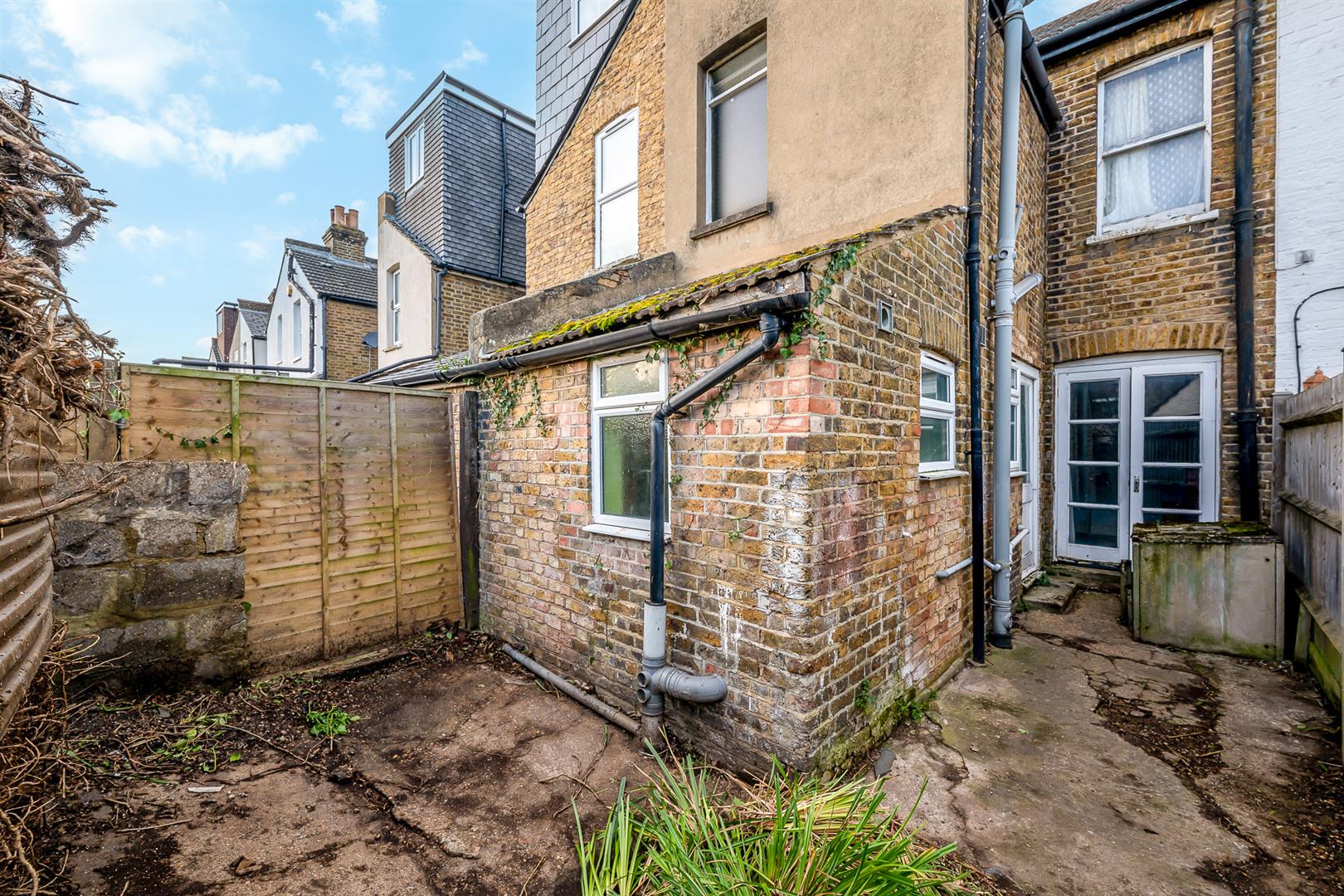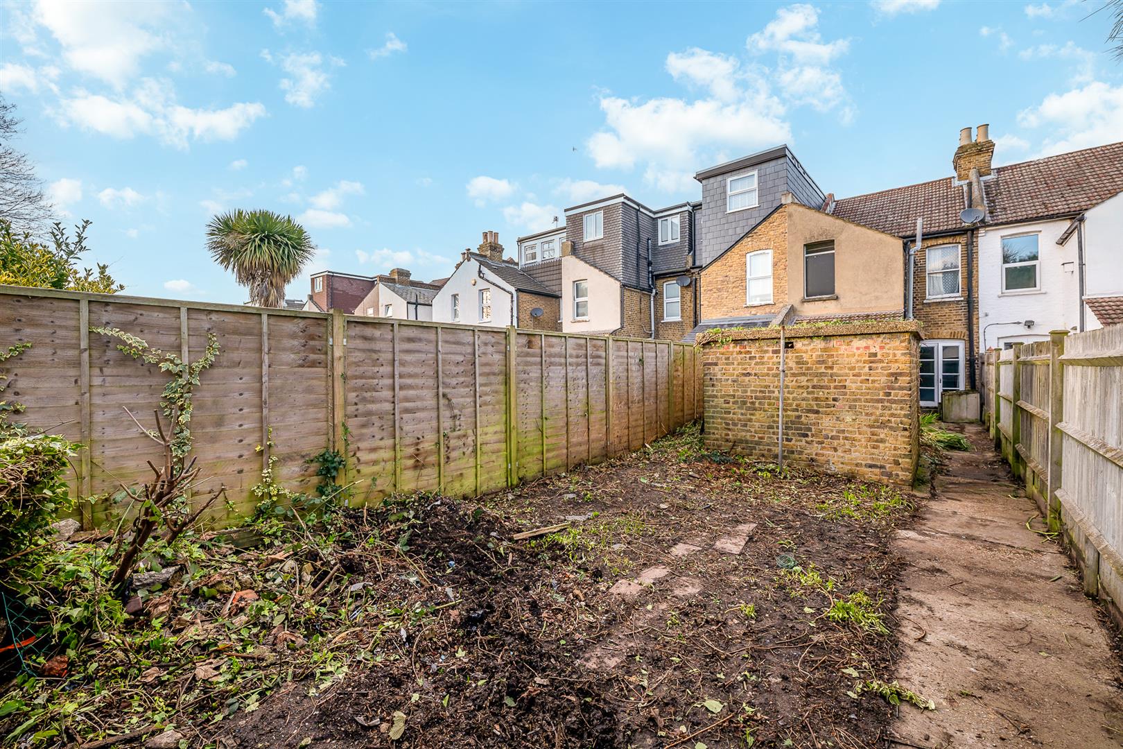 South facing rear garden, in need of attention. Air raid shelter which can be used for storage.PARKING
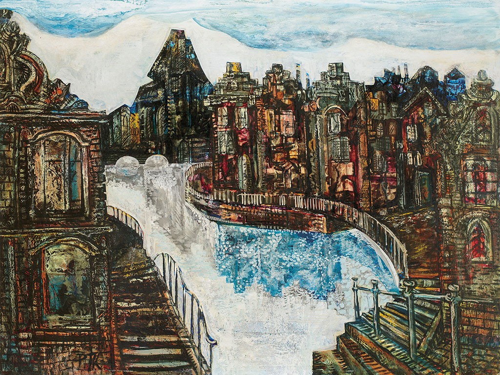 Olaj, farost, 66×88 cm, Jelezve balra lent: PTK, Jelezve hátoldalon: Péli Tamás
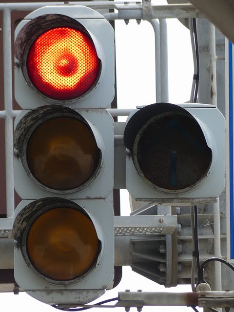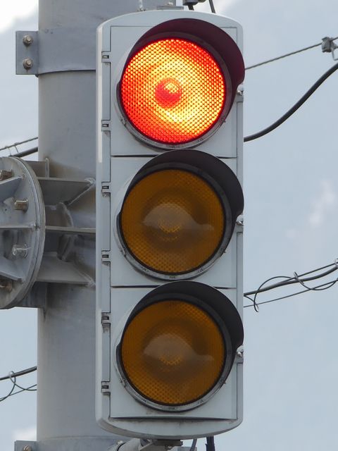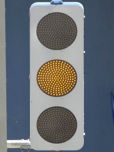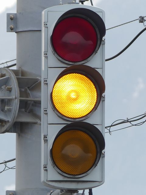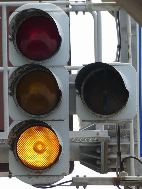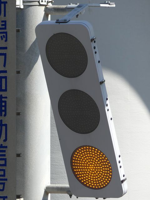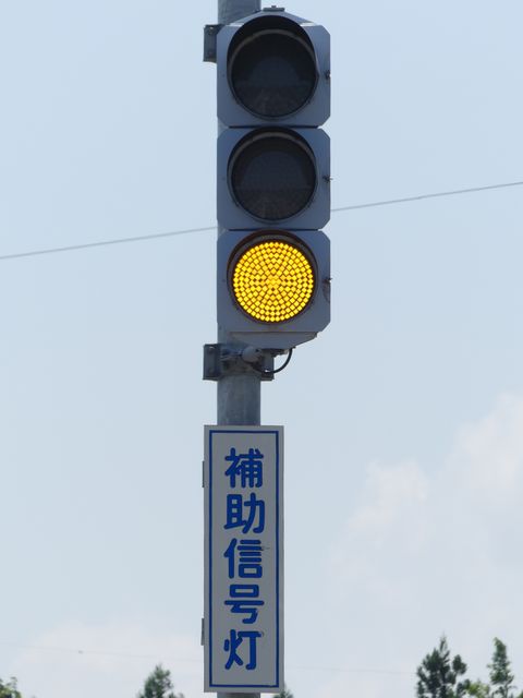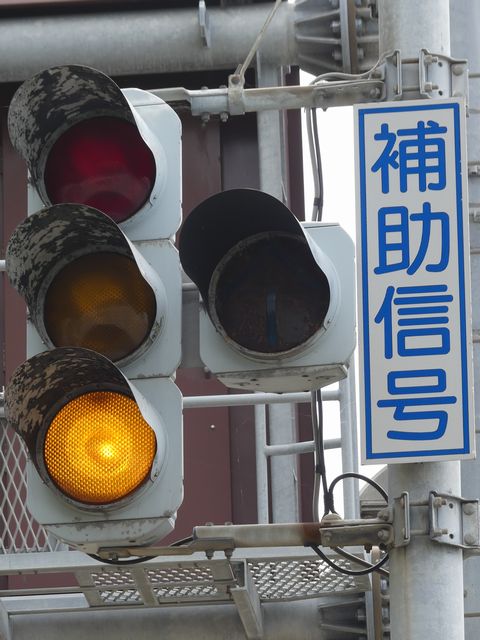 黄・黄・赤の「補助信号」に直進矢印灯器が併設されています。撮影時は矢印が点灯しませんでした。
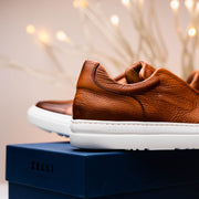 65-225-CGN SPETTACOLARE Italian Pebble Grain Calfskin Sneakers Cognac
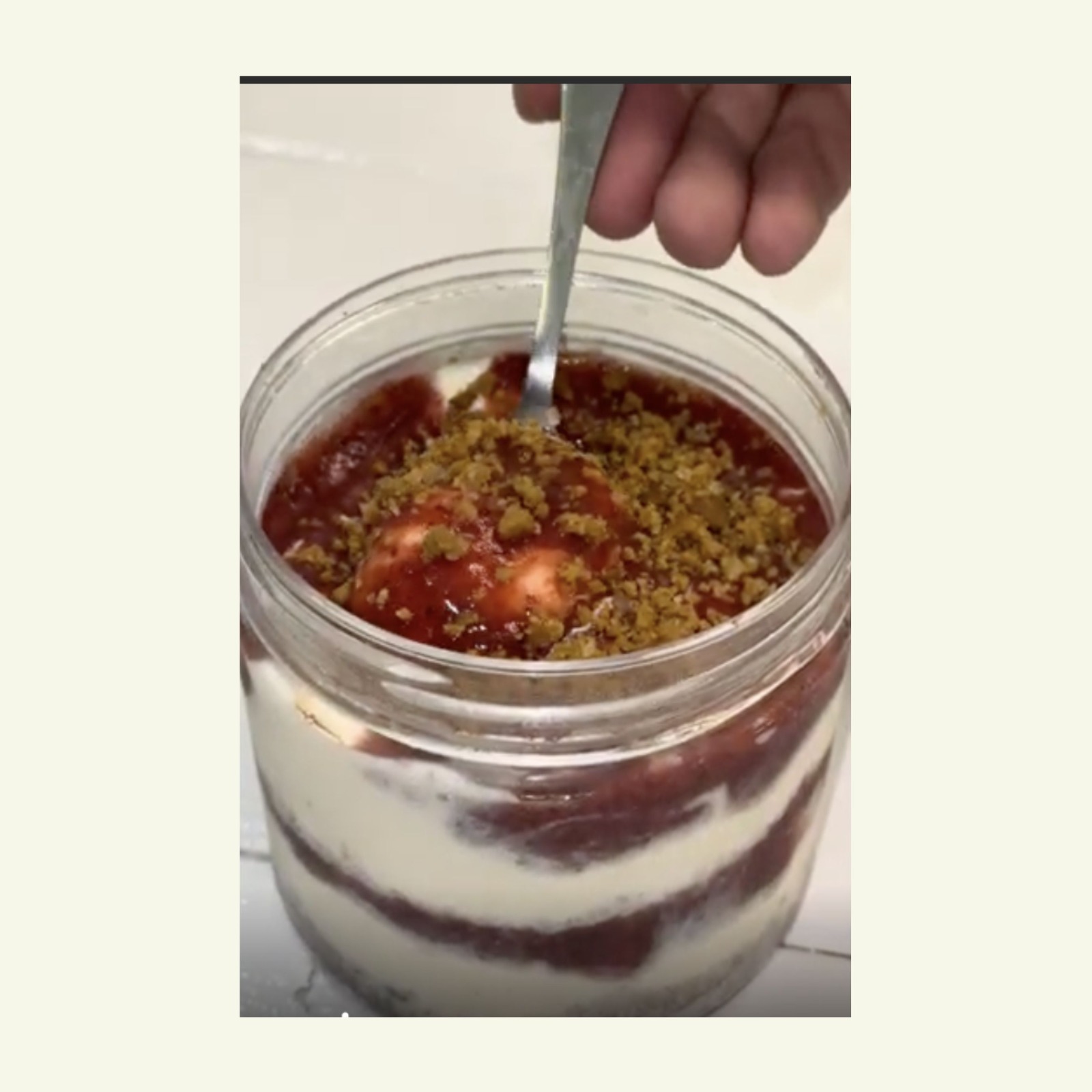 Fior di latte Gelato layered with Chantilly and red berries covered with biscuits
+ + + + + + +
→ WHAT IS REQUIRED: Set out every record exactly, images excluded.

→ ANSWER:
 South facing rear garden, in need of attention. Air raid shelter which can be used for storage.PARKING
 Olaj, farost, 66×88 cm, Jelezve balra lent: PTK, Jelezve hátoldalon: Péli Tamás
 黄・黄・赤の「補助信号」に直進矢印灯器が併設されています。撮影時は矢印が点灯しませんでした。
 65-225-CGN SPETTACOLARE Italian Pebble Grain Calfskin Sneakers Cognac
 Fior di latte Gelato layered with Chantilly and red berries covered with biscuits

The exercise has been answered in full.